UK business will waste £37 billion on failed Agile IT projects in the next year, according to a new report from independent IT consultancy 6point6.
6point6 commissioned a survey of 300 CIOs in the UK and the US to examine their experiences of Agile and measure how successfully the principles of Agile are being applied and executed.
The results were shown at the CIO Insight Summit in Frankfurt today in a major new report with the catchy title “An Agile Agenda: How CIOs Can Navigate the Post-Agile Era.”
Chris Porter, CTO and co-founder of 6point6 and one of the authors of the report said: “Agile IT in the UK is facing a hidden crisis – 12 percent of Agile projects are failing completely.
CIOs tell us they expect to undertake six agile projects next year, one in eight of which will fail completely. Given there are about 6,000 CIOs in the UK and that the average Agile IT projects costs £8 million, that is a huge amount of waste. The truth is that, despite the hype, Agile development doesn’t always work in practice.”
The research also uncovered that over half of CIOs regard Agile development as “discredited” while three-quarters are no longer prepared to defend it. Three quarters of CIOs think Agile IT has now become an industry while half say they now think of Agile as “an IT fad”.
Chris Porter said: “This is a conservative estimate. We have only looked at Agile IT projects that fail completely. This does not include the waste involved in Agile projects that fail only partially. UK and US CIOs now estimate that a third of Agile projects fail. The failure to apply Agile effectively is a huge problem for the UK.”
It said that 32 per cent of Agile projects that fail, do so because teams are geographically scattered. As Agile is increasingly being used at scale, organisations have been forced to look across local, regional, and international boundaries to find the talent they need in the quantity they require. Agile favours co-location of teams and business people but this is increasingly a luxury so organisations must develop ways to successfully overcome this limitation, which will involve more process, communication, governance, and management.

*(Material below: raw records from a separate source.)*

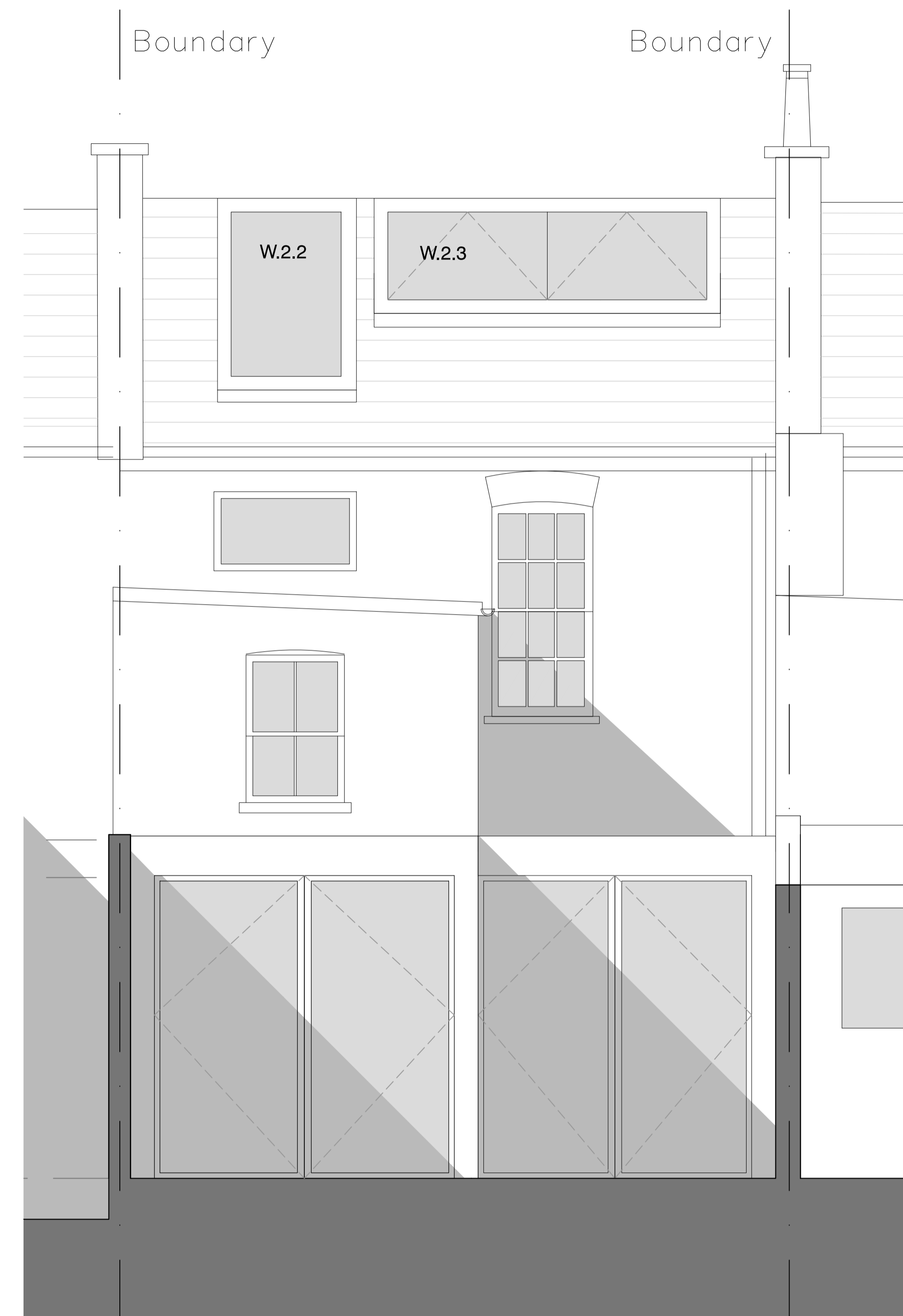
82 Harmood Street
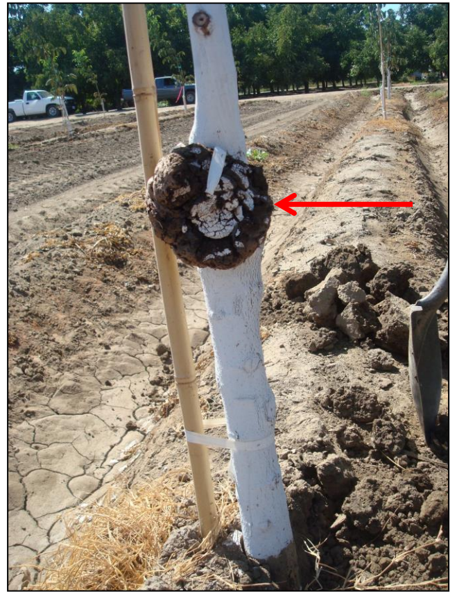
Figure 2. Crown gall above the graft union (A) and at the graft union (B). Red arrows indicate location of graft union.
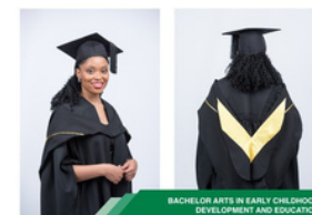
BACHELOR ARTS IN EARLY CHILDHOOD DEVELOPMENT AND EDUCATION
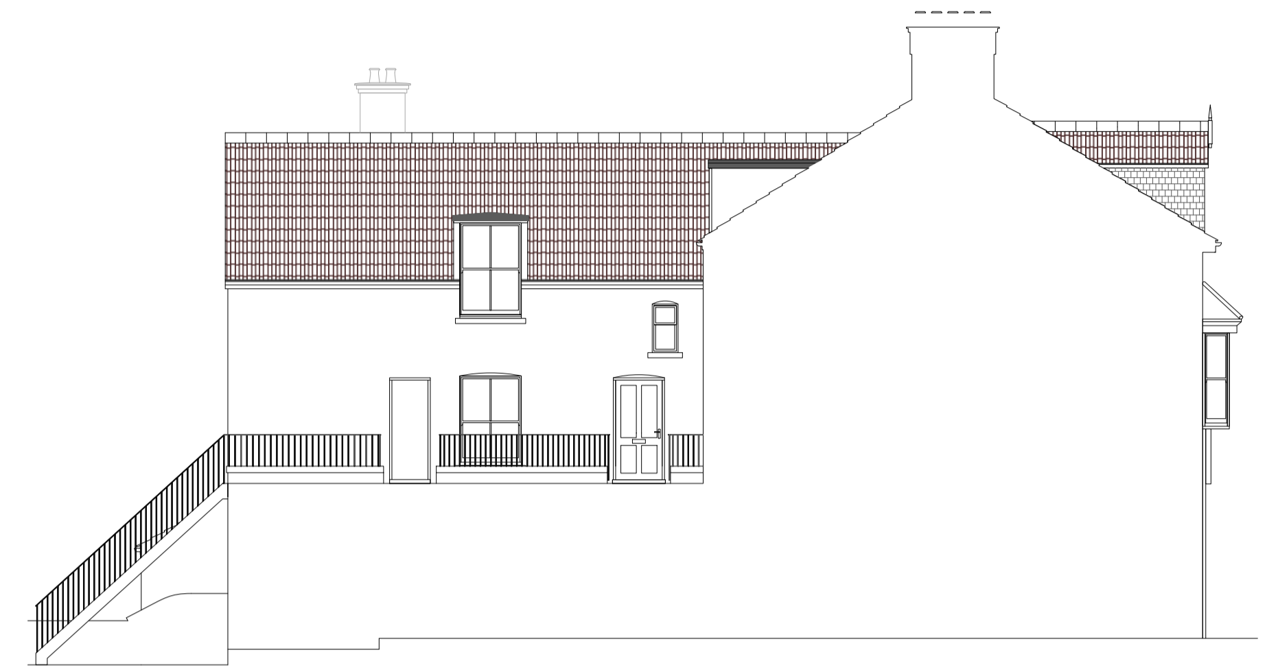
Existing Left Hand Side Elevation
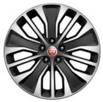
18" 5 Split-Spoke 'Style 5055', Alloy Wheel

Personalise your vehicle with a selection of alloy wheels featuring a wide range of contemporary and dynamic designs.
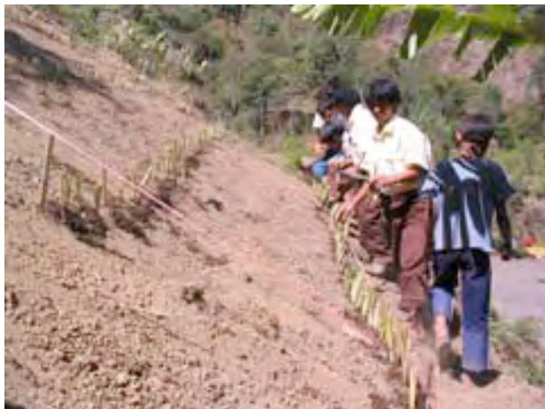
Finished with a wobble!
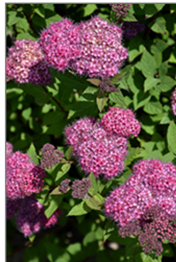
Double Play Artisan Spirea flowers

Double Play Artisan Spirea is recommended for the following landscape applications;
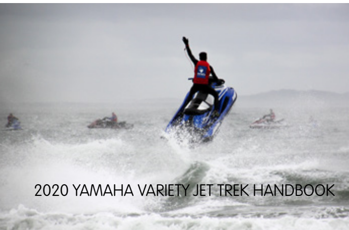
2020 YAMAHA VARIETY JET TREK HANDBOOK
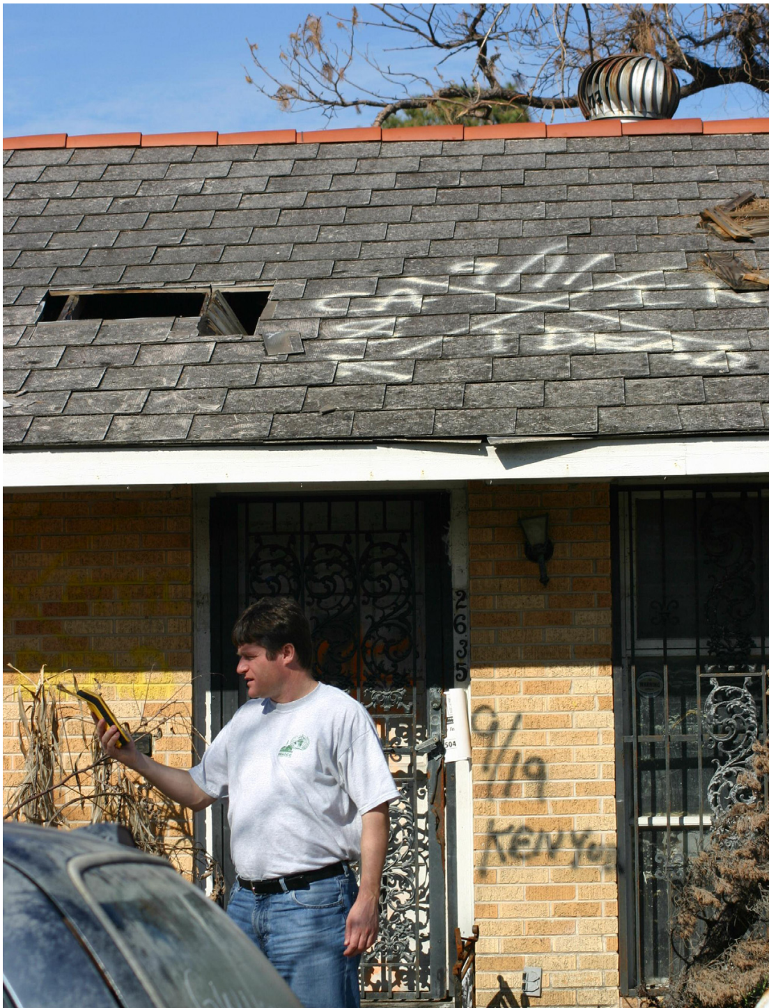
Figure 1 Hurricane Katrina search and rescue marking. This house displays the typical search and rescue "X". A California task force visited the house on September 11 th and they found "I dead". "Kenyon" removed the body on September 19 th . The field team member is seen in front of the house marking its location with a GPS.
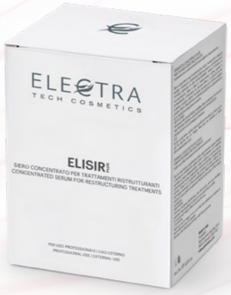
ELISIR PLUS Concentrated serum for restructuring treatments
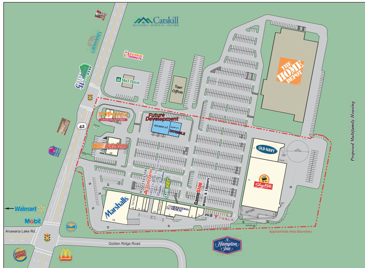
THOMPSON SQUARE 4388 Route 42 North | Sullivan County | Monticello, NY 12701
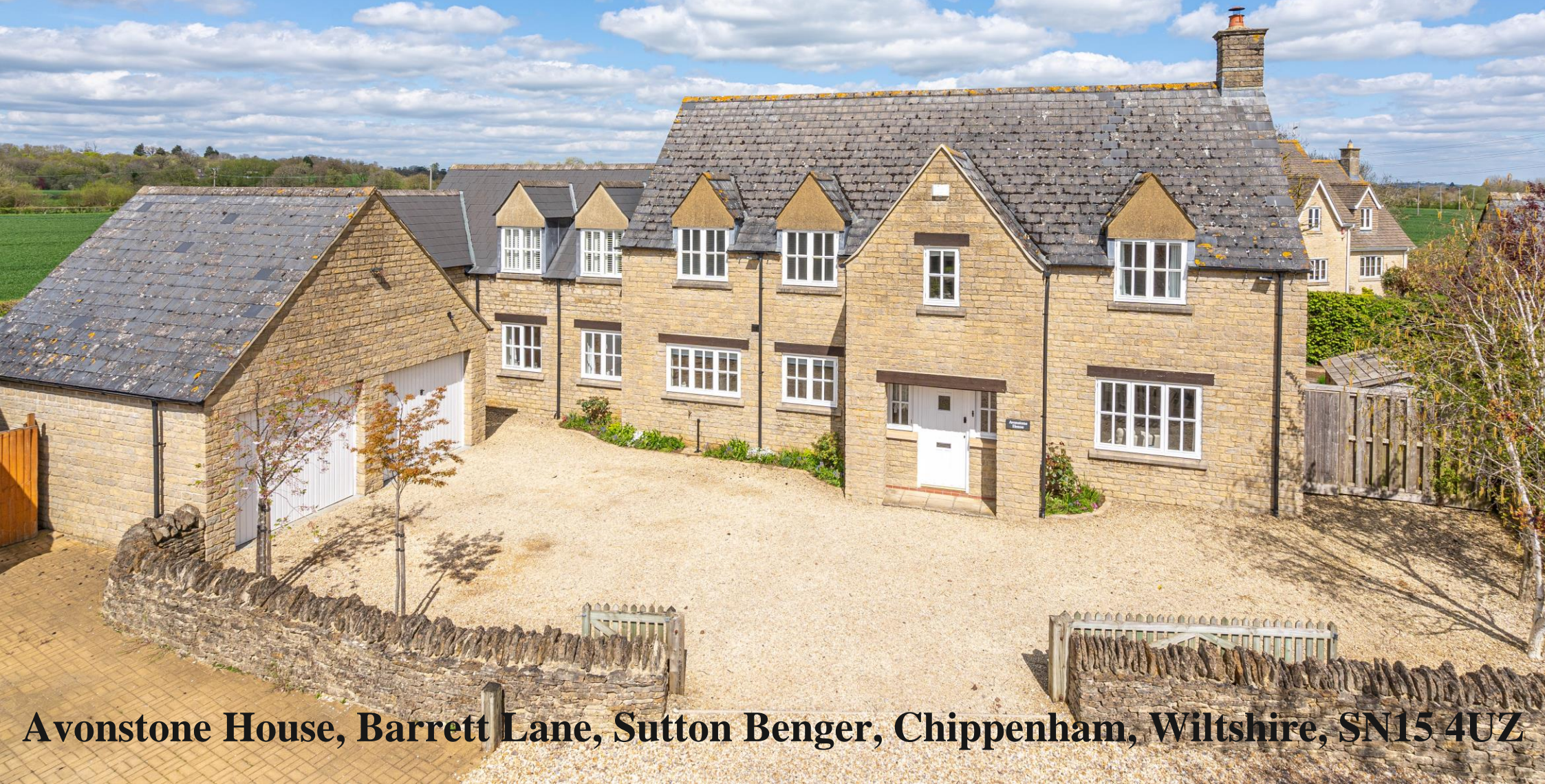
Avonstone House, Barrett Lane, Sutton Benger, Chippenham, Wiltshire, SN15 4UZ

6point6’s research showed 95 per cent of CIOs have worked in a scaled Agile environment involving multiple teams working on multiple projects concurrently. But Agile does not offer a means to scale up or out. Instead, organisations must either set up their own scaled Agile method or embrace an existing one.
The report revealed 44 per cent of Agile IT projects that fail, do so because of a failure to produce enough documentation. Agile teams cannot service a piece of software indefinitely. At some point, it will have to be handed over to others to run it and they will need a set of instructions that simply cannot be written at the end of a project. Be ready with up-to-date architecture, designs other mechanisms such as wikis, automated tests, dynamically generated documentation, and Clean Code.
6point6’s research demonstrated that the average life expectancy of a CIO is just 14 months which is not long enough to affect the cultural change and ensure the ongoing boardroom support required to nurture success in an Agile environment.
CEOs must empower and support their technology leaders if they want to succeed in the digital economy, the report said.
The survey found that 34 per cent of failed Agile projects failed because of a lack of upfront and ongoing planning. Planning is a casualty of today’s interpretation of the Agile Manifesto, which can cause Agile teams to lose their way and their customers to lose visibility of what they are getting for their money, now and in the future.
Agile teams require more Architects. From defining strategy, to championing technical requirements to ensuring development teams stick to the rules of the game, the role of the Architect is missed in the Agile space. It must be reintroduced.